--- MATERIAL FOR THIS TASK ---
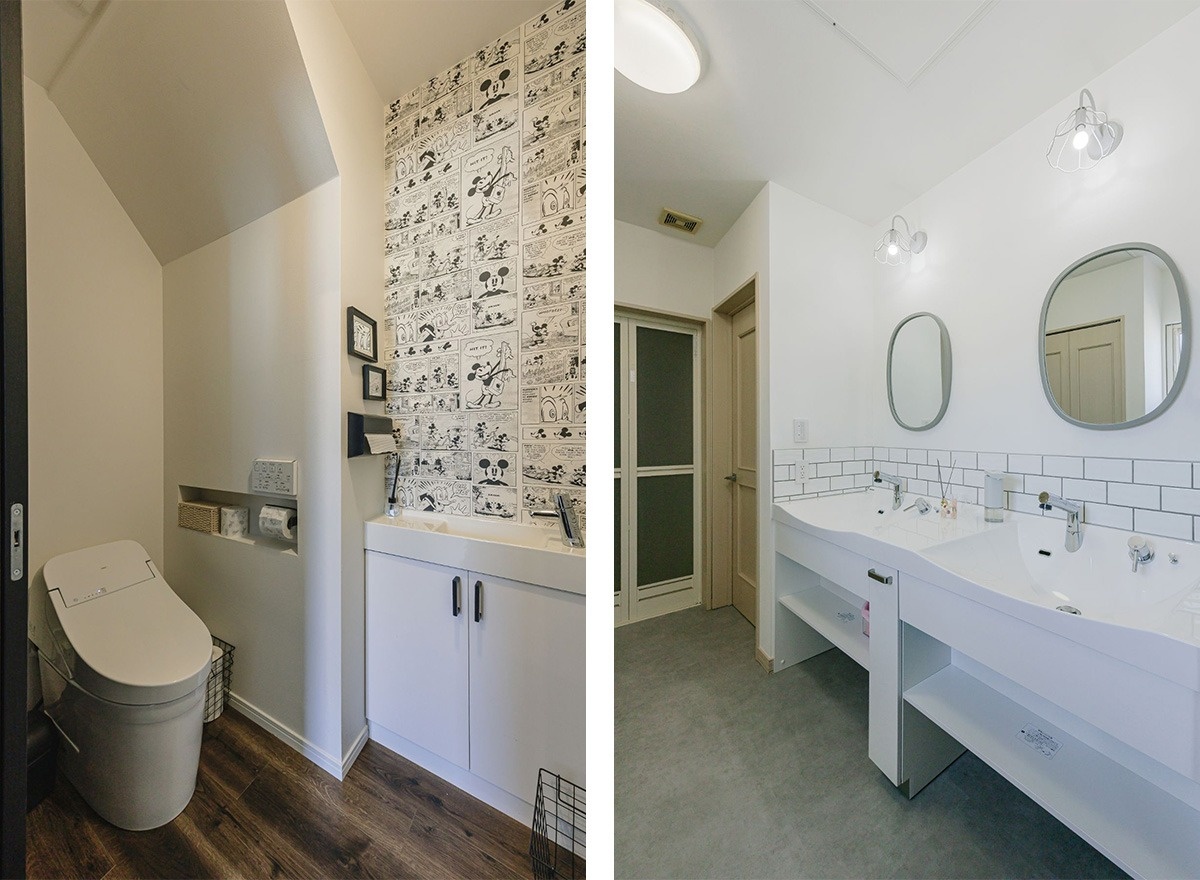 壁の位置を変え広々とした造りに。腰壁やニッチの作り棚は造作です。白いサブウェイタイルで、シンプルな空間に好みのブルックリンスタイルを取り入れました。
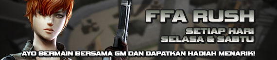 Kali ini GameMaster ingin mengadu kemampuan Prajurit CF didalam pertempuran. Event dengan tema FFA RUSH akan menggunakan mode FFA ( Free for All ) dan Map yang akan digunakan adalah Random.
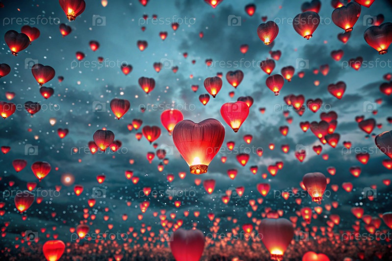 Знак на День святого Валентина Абстрактный фон Красивые, яркие красные окна в форме сердца в ночном небе
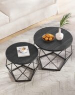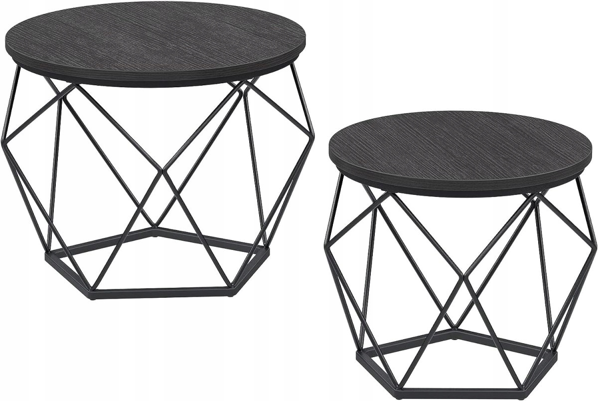 Zestaw 2 stolików kawowych okrągłe czarne loft VASAGLE
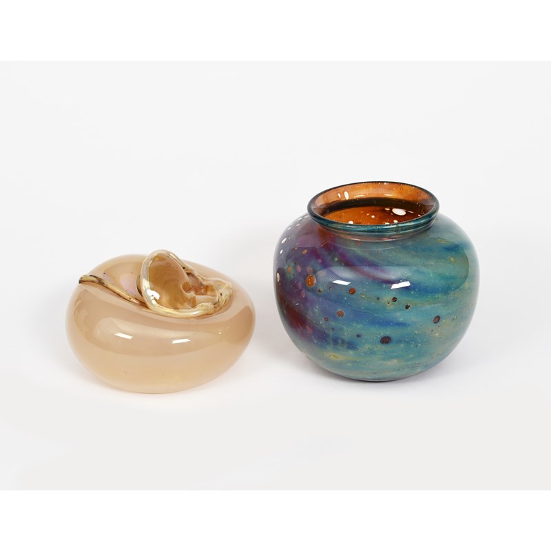 an ovoid vase, dated 1977, ovoid with flaring rim, streaked green and blue glass cased in clear, with air bubble inclusions, a glass vase by Barry Cullen, and a collection of glass
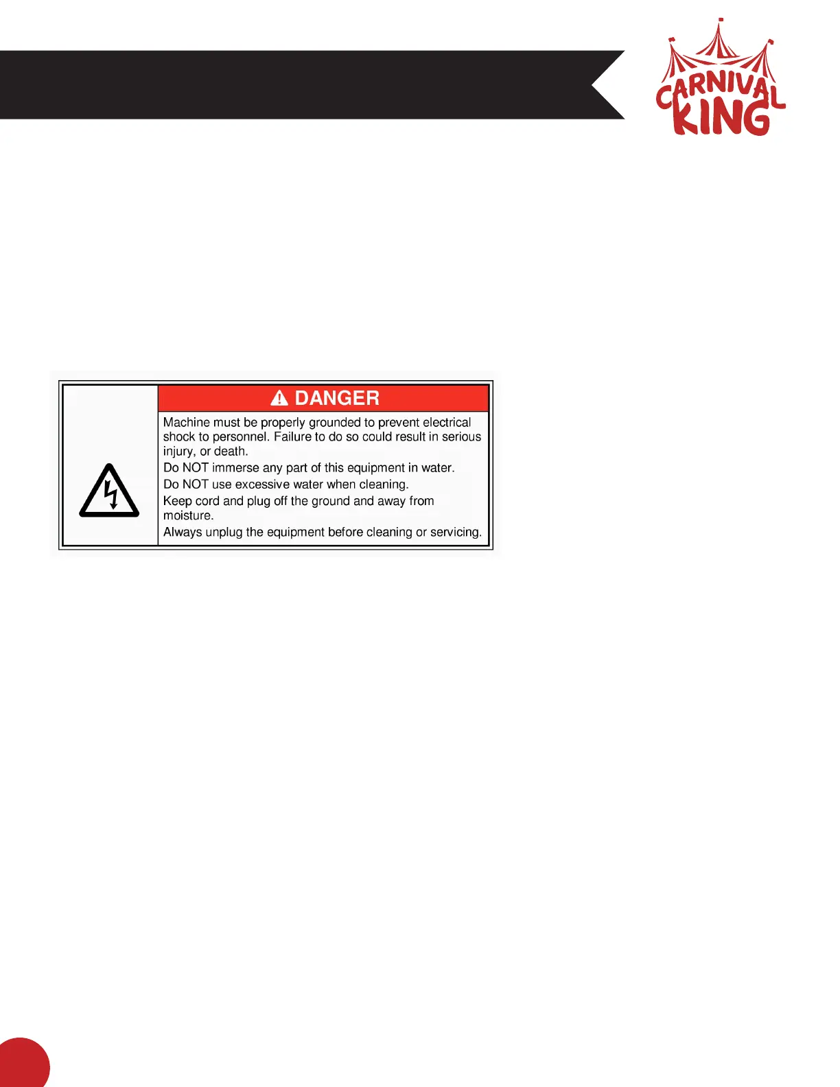 machine. It is recommendation that this machine be plugged directly into a wall outlet. The use of extension cords is

--- TASK INSTRUCTIONS ---
Only the lines from the start of the records to the line with "Zestaw 2 stolików" belong in the copy. Print them exactly, minus pictures.

--- SOLUTION ---
 壁の位置を変え広々とした造りに。腰壁やニッチの作り棚は造作です。白いサブウェイタイルで、シンプルな空間に好みのブルックリンスタイルを取り入れました。
 Kali ini GameMaster ingin mengadu kemampuan Prajurit CF didalam pertempuran. Event dengan tema FFA RUSH akan menggunakan mode FFA ( Free for All ) dan Map yang akan digunakan adalah Random.
 Знак на День святого Валентина Абстрактный фон Красивые, яркие красные окна в форме сердца в ночном небе
 Zestaw 2 stolików kawowych okrągłe czarne loft VASAGLE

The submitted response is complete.